I've decided to start a new simulation, as I decided to create an empty host species, so that repopulated robots would not re-introduce viral DNA and endanger previous progress.  I also considerably tweaked the costs for DNA length and the repopulation settings, which helped to prevent any "mass extinctions."
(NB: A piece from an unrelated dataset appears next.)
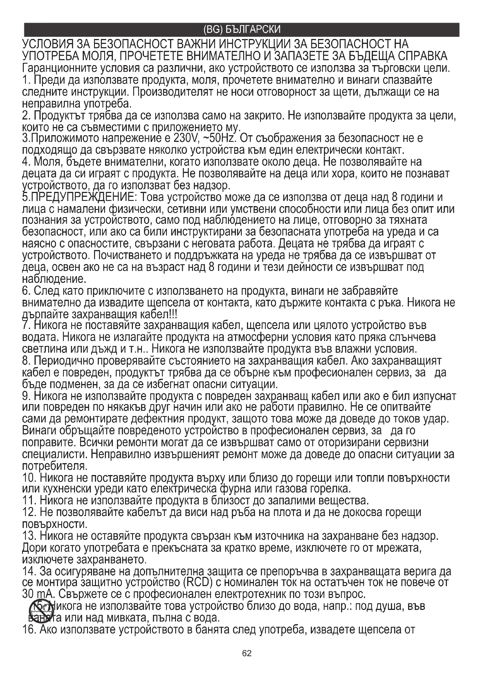 децата да си играят с продукта. Не позволявайте на деца или хора, които не познават устройството, да го използват без надзор. 5.ПРЕДУПРЕЖДЕНИЕ: Това устройство може да се използва от деца над 8 години и лица с намалени физически, сетивни или умствени способности или лица без опит или познания за устройството, само под наблюдението на лице, отговорно за тяхната безопасност, или ако са били инструктирани за безопасната употреба на уреда и са наясно с опасностите, свързани с неговата работа. Децата не трябва да играят с устройството. Почистването и поддръжката на уреда не трябва да се извършват от деца, освен ако не са на възраст над 8 години и тези дейности се извършват под наблюдение.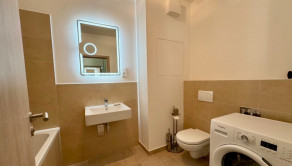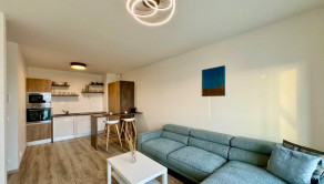 Byt pozostáva zo vstupnej haly, kúpeľne s vaňou a toaletou, jednej spálne, obývacej izba prepojenej s kompletne vybavenou kuchyňou a jedálenskou časťou. K bytu prislúcha balkón, pivnica a parkovacie státie pre jedno auto.

Here are several virus samples taken across time, which demonstrates how the virus has evolved:

Code: [Select]
cond
403 204 257 185 723 65 181 802 595 468 108 874 390 215 973 605 403 5
start
*.thisgene .mkvirus store
1 .vshoot store
1 .shootval store
*.thisgene 1 sub .delgene store
403 204 257 185 723 65 181 802 595 468 108 874 390 215 973 605 403 5
*.nrg 6000 > 50 .repro store
stop

 cond
 185 723 65 181 802 595 468 108 874 390 215 973 605 403 5 start
 *.thisgene .mkvirus store
 .vshoot store
 1 .shootval store
 *358 1 sub .delgene store
 403 204 257 185 723 65 181 802 595 468 108 874 390 215 973 605 403 5 *.nrg 6000 >
 50 .repro store
 stop

cond
 185 723 65 181 802 595 468 108 874 390 215 973 605 403 5 start
 *.thisgene .mkvirus store
 .vshoot store
 1 *358 1 sub .delgene store
 403 204 257 185 723 65 181 802 595 468 108 874 390 215 973 605 403 5 *.nrg 6000 >
 50 .repro store
 stop

 cond
 185 723 65 181 802 595 468 108 874 390 215 973 605 403 5 67 start
 *.thisgene .mkvirus store
 .vshoot store
 1 *358 1 sub .delgene store
 403 204 257 185 723 65 181 802 595 468 108 874 390 215 973 605 403 5 *.nrg 6000 >
 50 .repro store
 stop

cond
 185 723 65 181 802 595 468 108 874 390 215 973 605 403 5 67 start
 *.thisgene .mkvirus store
 .vshoot store
 1 *358 1 sub .delgene store
 403 204 257 185 723 65 181 802 595 468 108 874 390 973 605 403 5 *.nrg 6000 >
 50 300

Here, you can see the considerable change in only 360 thousand cycles, as opposed to the 3 million of my previous simulation.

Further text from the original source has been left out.